18457002. TRAINING NEURAL NETWORK WITH BUDDING ENSEMBLE ARCHITECTURE BASED ON DIVERSITY LOSS simplified abstract (Intel Corporation)

From WikiPatents
Jump to navigation Jump to search

TRAINING NEURAL NETWORK WITH BUDDING ENSEMBLE ARCHITECTURE BASED ON DIVERSITY LOSS

Organization Name

Intel Corporation

Inventor(s)

Qutub Syed Sha of Munich (DE)

Neslihan Kose Cihangir of Munich (DE)

Rafael Rosales of Unterhaching (DE)

TRAINING NEURAL NETWORK WITH BUDDING ENSEMBLE ARCHITECTURE BASED ON DIVERSITY LOSS - A simplified explanation of the abstract

This abstract first appeared for US patent application 18457002 titled 'TRAINING NEURAL NETWORK WITH BUDDING ENSEMBLE ARCHITECTURE BASED ON DIVERSITY LOSS

Simplified Explanation

The patent application describes a method for training deep neural networks (DNNs) with budding ensemble architectures using diversity loss. Here are the key points:

  • The DNN consists of a backbone and multiple heads.
  • The backbone has one or more layers that generate intermediate tensors.
  • The heads are organized in pairs, with each pair consisting of a first head and a second head duplicated from the first head.
  • The second head has the same tensor operations as the first head but different internal parameters.
  • The intermediate tensor from a backbone layer is input into both the first and second heads.
  • The first head computes a first detection tensor, and the second head computes a second detection tensor.
  • The similarity between the first and second detection tensors is used as a diversity loss for training the DNN.

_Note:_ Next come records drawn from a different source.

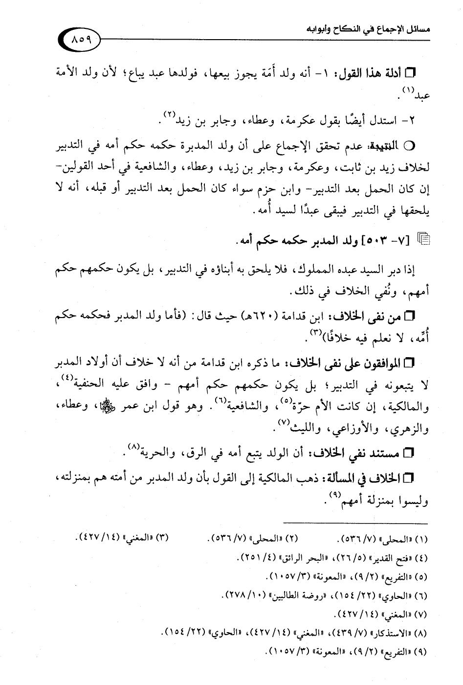 • من نفى الخلاف: ابن قدامة (620 هـ) حيث قال: (فأما ولد المدبر فحكمه حكم أُمِّه، لا نعلم فيه خلافًا) (¬3).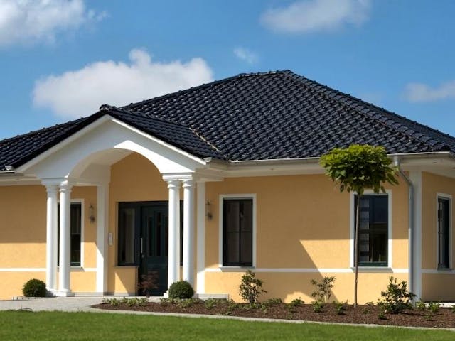 Ein formschönes anthrazitfarbenes Walmdach in Verbindung mit einem hellgelben Edelputz verleihen dem Bungalow Madeira ein geschmackvolles Äußeres.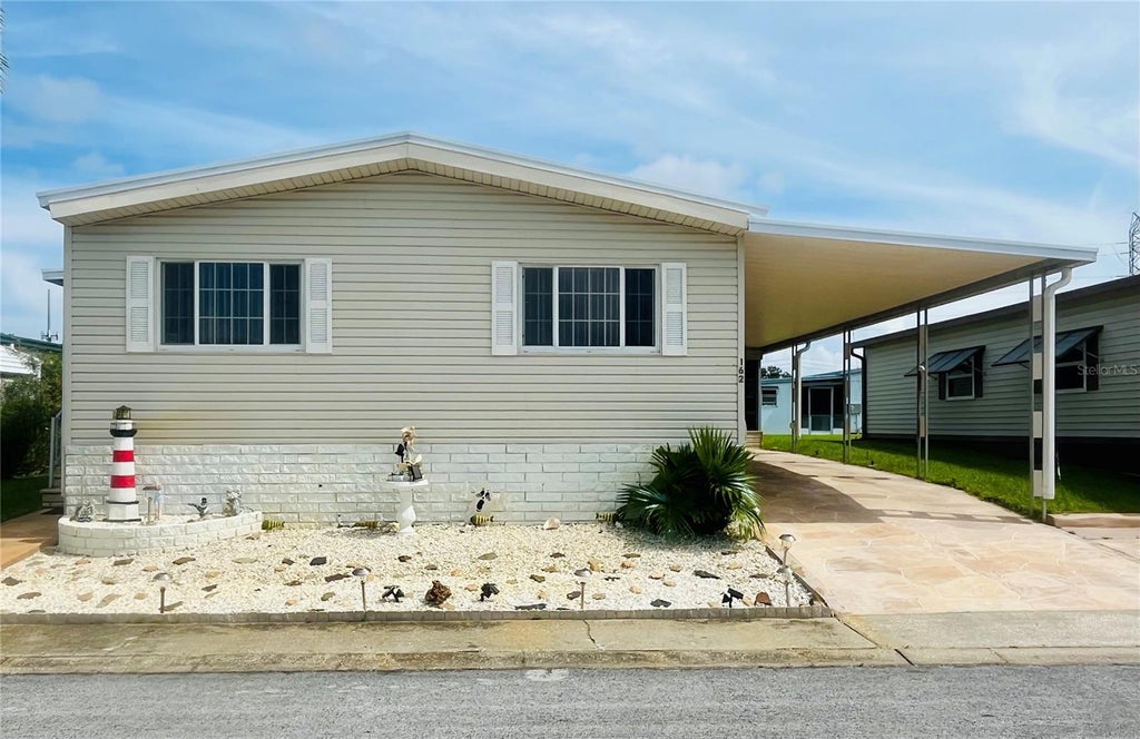 Spacious and unique 3 bedroom/2 bath double wide manufactured home. This large home offers 1464 living area square footage and sought after split floor plan offering both space and privacy. Step inside to an open and airy layout that includes the primary suite on one side and the guest bedrooms on the other. Large eat in kitchen, dining room, and a welcoming living room with vaulted ceilings and a fireplace. Laundry located inside the home. Enjoy indoor-outdoor living with a screened side porch, covered 2 car covered driveway, and maintained landscaping. This move in ready home is located in Blue Jay Estates, an active 55+ community where you own your land! It is situated in a non-flood zone and there is no lot rent! A low monthly fee of $230 a month includes escrow reserves, water, sewer, trash, lawn care, and more! Schedule your showing today. Blue Jay has a very active social club, lots of activities, a heated pool for year-round enjoyment, shuffleboard and Bocce courts. There is a designated area where you can park your boat or R/V at no additional fee if space is available when requested. Near beaches, the Pinellas trail, parks, shopping, medical centers, and airports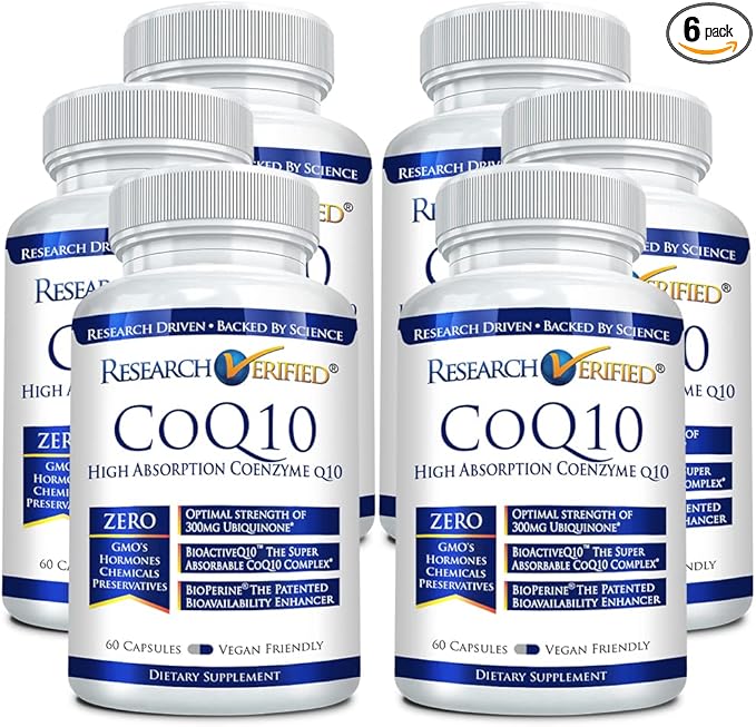 Research Verified CoQ10-100% Pure Extra Strength 300mg CoQ10 – Improved Absorption and Bioavailability with Bioperine - Boost Antioxidant Levels, Improve Cardiovascular Health, 360 Vegan Capsules

Potential applications of this technology:

  • Image recognition: The method can be used to train DNNs for tasks like object detection and classification in images.
  • Natural language processing: DNNs trained using this method can be applied to tasks like sentiment analysis, language translation, and text generation.
  • Speech recognition: The method can be used to train DNNs for speech recognition and voice command systems.

Problems solved by this technology:

  • Overfitting: The use of diversity loss helps prevent overfitting by encouraging the heads to learn different representations of the data.
  • Lack of diversity in ensembles: By duplicating and modifying heads, the method increases the diversity within the ensemble, leading to improved performance.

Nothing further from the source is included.